A recent study by Kubben et al. [131] shed light on the in vivo chromatin interactions of wildtype versus mutant lamin A linked to HGPS (progerin). In a genome-wide analysis of promoter interactions, they showed a preference of A-type lamins for binding to promoters of silent or lowly expressed genes preferentially located at the nuclear periphery. Progerin–promoter interactions overlapped to a large extent with that of wild-type lamin A, but a few progerin-specific (inherently silent) gene promoters were identified. This extensive overlap of wildtype lamin A and progerin promoter interactions is surprising, given that progerin appears to have reduced binding affinity to DNA and H3K27 trimethylated histones [132]. While the former study used overexpressed lamin A and progerin, genome interaction mapping of endogenous lamin A and progerin revealed global changes in the heterochromatic mark H3K27me3, which appeared to be lost in gene-poor regions in the mutant cells and appeared stronger in gene-rich regions, resulting in the detachment from the nuclear lamina of gene-poor heterochromatic regions [133].

Another recent study on genome-wide lamin A/C-promoter association during adipogenic differentiation identified lamin-rich domains (LRDs) throughout the genome in a manner consistent with lamin A/C–promoter interactions not being restricted to the nuclear periphery [134]. Complementary to previous findings, this study showed that binding of lamin A/C fine-tunes target gene regulation depending on the local chromatin environment in specific promoter subregions. The results indicate that lamin A/C association with promoters per se does not inhibit transcription, but additionally requires certain repressive histone marks in sub-promoter regions; conversely, loss of lamin A/C from promoters is a prerequisite, but not sufficient for transcriptional activation.

LAP2α is a potential candidate for mediating the interaction of nucleoplasmic lamins A/C with chromatin. LAP2α possesses a LEM and LEM-like domain [30], and thereby binds to chromatin in a sequence – independent manner. In human cells, LAP2α was found to interact with genomic DNA in a highly dynamic manner and to affect the chromatin-binding behavior of the high-mobility group N protein 5 (HMGN5) [135]. Downregulation of LAP2α led to the redistribution of HMGN5-targeted chromatin sites. Based on these findings it is tempting to speculate that LAP2α could also affect the chromatin interaction of other proteins in the nuclear interior, such as nucleoplasmic lamin A/C.

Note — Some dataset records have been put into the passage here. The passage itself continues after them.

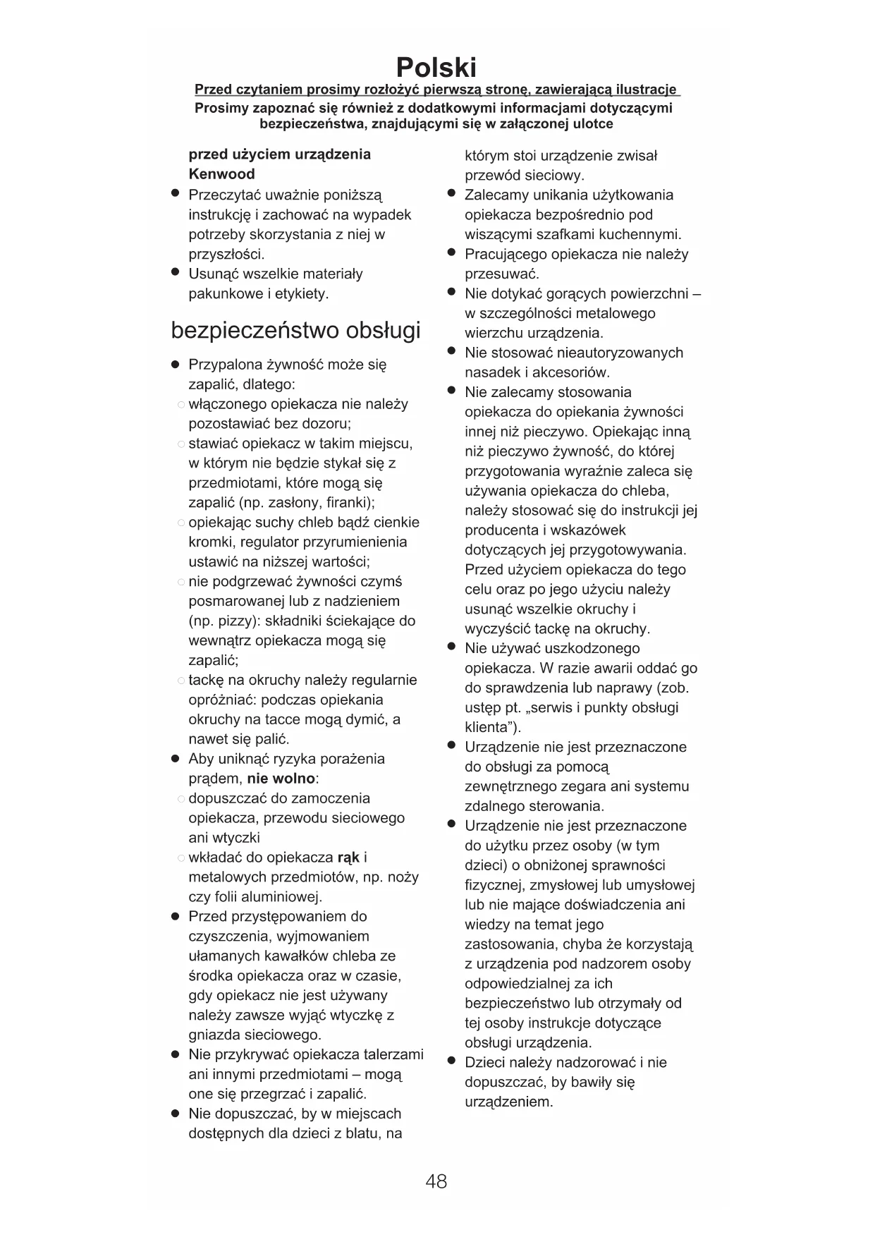 Polski Przed czytaniem prosimy roz¢o¯yç pierwszå stronë, zawierajåcå ilustracje Prosimy zapoznać się również z dodatkowymi informacjami dotyczącymi bezpieczeństwa, znajdującymi się w załączonej ulotce● Urządzenie jest przeznaczone wyłącznie do zgodnego z przeznaczeniem użytku domowego. Firma Kenwood nie ponosi odpowiedzialności za wypadki i uszkodzenia powstałe podczas niewłaściwej eksploatacji urządzenia lub w wyniku nieprzestrzegania niniejszej instrukcji. przed podłączeniem do sieci
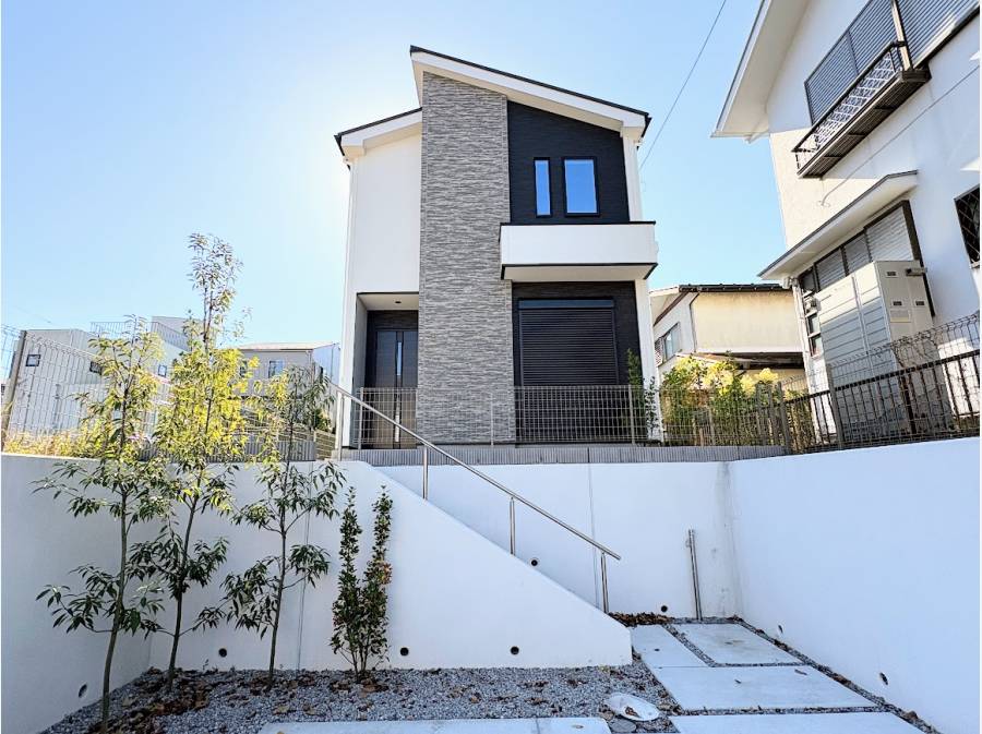 緑に囲まれた片瀬山の高台に、光と風を感じる新築邸宅が誕生しました。片瀬山駅から徒歩12分の立地で、静かで落ち着いた住環境が広がります。
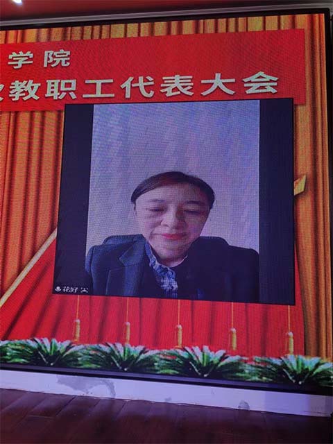 佳木斯市总工会副主席佟玲同志在工作百忙中以视频方式莅临会议,进行指导。在全体代表热烈的掌声中佟玲副主席发表了热情洋溢的讲话,她对三江美院第一次“双代会”的胜利召开表示祝贺,对“双代会”代表和即将产生的工会领导班子提出殷切希望。
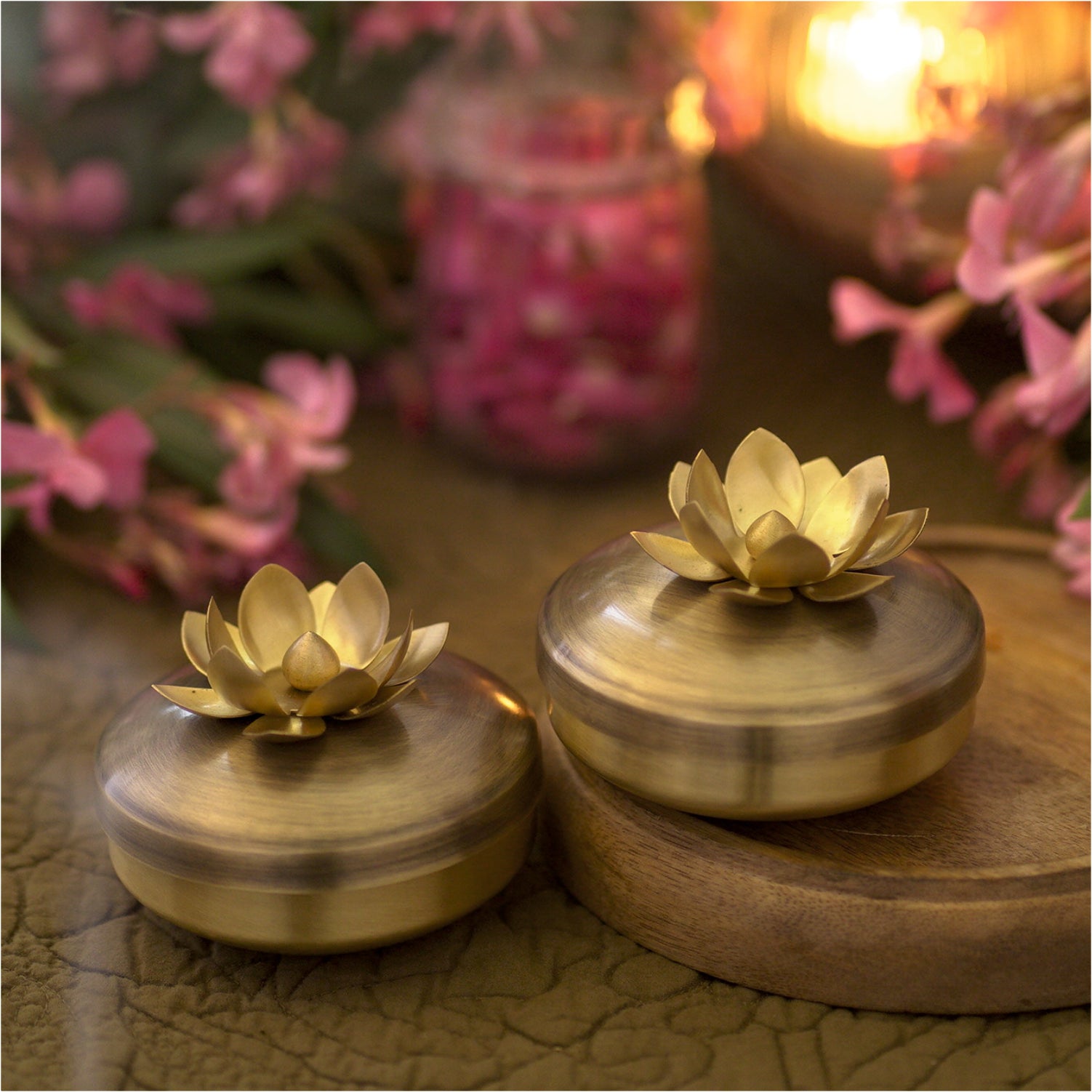 The elegance of simple round form enhanced with divine lotus, makes these small containers perfect for the pooja ghar and mandir. This devotional set is a great gift of blessings for auspicious havan and home puja. Spun in brass and in two tones with golden lotus, this set of 2 containers is best to keep prasad, kumkum and even kassar.

In conclusion, A-type lamins not only ensure structural integrity of (metazoan) nuclei, but also maintain the balance between differentiation and proliferation. In part, these activities may rely on lamin A/C-binding proteins, such as LAP2α. The potential effects of laminopathy-linked lamin mutants on chromatin organization may alter gene expression by destabilization of higher-order chromatin structure and/or interference with the binding of A-type lamins to other proteins. These perturbations may particularly affect stem cell homeostasis.